The goal is to create a cycle where the interactions with one user ultimately improve the app for everyone - in other words, a Customer-to-Customer Feedback Loop.

Once you achieve a Customer-to-Customer Feedback Loop, your product gets better simply because people are using it in a classic flywheel. It also frees up our team to focus on meaningful projects.

This is a very early “research preview” as the cool kids would call it - just an “n=1” and over a short time horizon. There are potential security and cost footguns as shared below. I hope this inspires you to experiment with an Autonomous Product Development loop in your own companies.

I’ll share:

Our results so far
How this is set up
Mishaps and pitfalls - including spending $2400 overnight the first time we turned it on
What it takes to get here for most other organisations

Customer results

Let’s start by grounding this in how it’s actually helping real customers.

Our startup Versey provides a freemium app for AI-supported writing.

It helps experienced writers finish, on average, around twice as fast. It does this by making editing and getting feedback effortless, bringing the tasks writers usually turn to LLMs for right into the editor.

Versey's in-editor refine feature, showing a tracked-changes edit suggestion with an inline comment

It’s a real product with real, paying users.

“I’m pretty fast - I can turn out an article in an hour. But now I can do it in half an hour. I don’t give a lot of glowing reviews, but I haven’t been this excited by a technology tool since email.”

Tracey Borrenson, Marketing Advisor and Director at Partnerships & Alliances, and Co-Founder of Ecosystem Research.

“It’s addictive… […] The highlighting, the in-line chat - all pretty extraordinary. It was very helpful for tomorrow’s edition!”

Marcus Lawrence, Editor of Zinstrel, and SIQA Creative Advisory Council member.

A few weeks ago, we realized we might need to hire a new junior engineer to handle a growing number of low-value tasks. We didn’t have the budget. However, recently I had built an open-source side project - an autonomous AI engineer which monitors its environment, creating tasks or receiving them from the team, then building and deploying them to production.

Instead of hiring, we decided to set up the AI Engineer.

Within the first hour of turning it on, it had already shipped around a half dozen fixes and improvements.

Slack feed of the AI Eng Manager posting shipped pull requests, each linking to a PR

A few improvements the engineer added:

If the AI thinks of a suggested rephrasing to go along with any feedback, show the suggestion below the feedback instead of making the user click “preview suggestion”
Give the different chats for a given document names so selecting between them is easier
Add a preview of font sizes on the settings page where this can be controlled

Other tasks included a handful of bug fixes and some genuinely helpful refactors.

But as mentioned the real magic happened when the AI Engineer started pairing up with our AI Chief Operating Officer - an OpenClaw which manages the company’s central data layer - to listen to customer calls and create tickets from them.

Why most customer signal dies

Customer feedback is traditionally passed from the customer success team through to a product owner, who also monitors product analytics, and who may then create tasks for designers and engineers to build.

Having done this the traditional way in startups and larger enterprises, I’d say the fully-loaded cost for even a small improvement is around $500, with a turn-around of days to weeks.
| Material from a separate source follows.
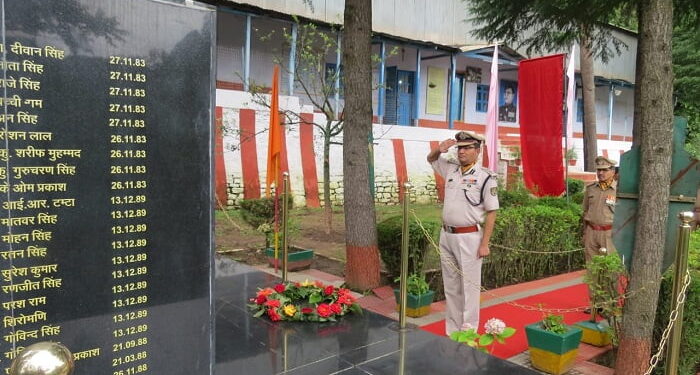 01-आईटीबीपी प्रथम वाहिनी के शहीद स्मारक पर पुष्प चक्र अर्पित करते हुए वाहिनी के सेनानी विक्रांत थपलियाल,

With agents that’s down to ~$100, but there is a minimum floor.

Most customer signal goes to waste:

Only a fraction of customer issues are reported or observed
Only a fraction of those get turned into tickets by the Product Owner
Only a fraction of those get prioritised on the development road map - most die in the backlog.

Because time is finite, only a fraction of problems can be solved. Product teams should spend their time “lifting heavy rocks” on projects that will meaningfully improve the company. You shouldn’t hire top engineers and then have them working on trivial optimisations.

With all the human overhead, there’s a long tail of work that never gets touched.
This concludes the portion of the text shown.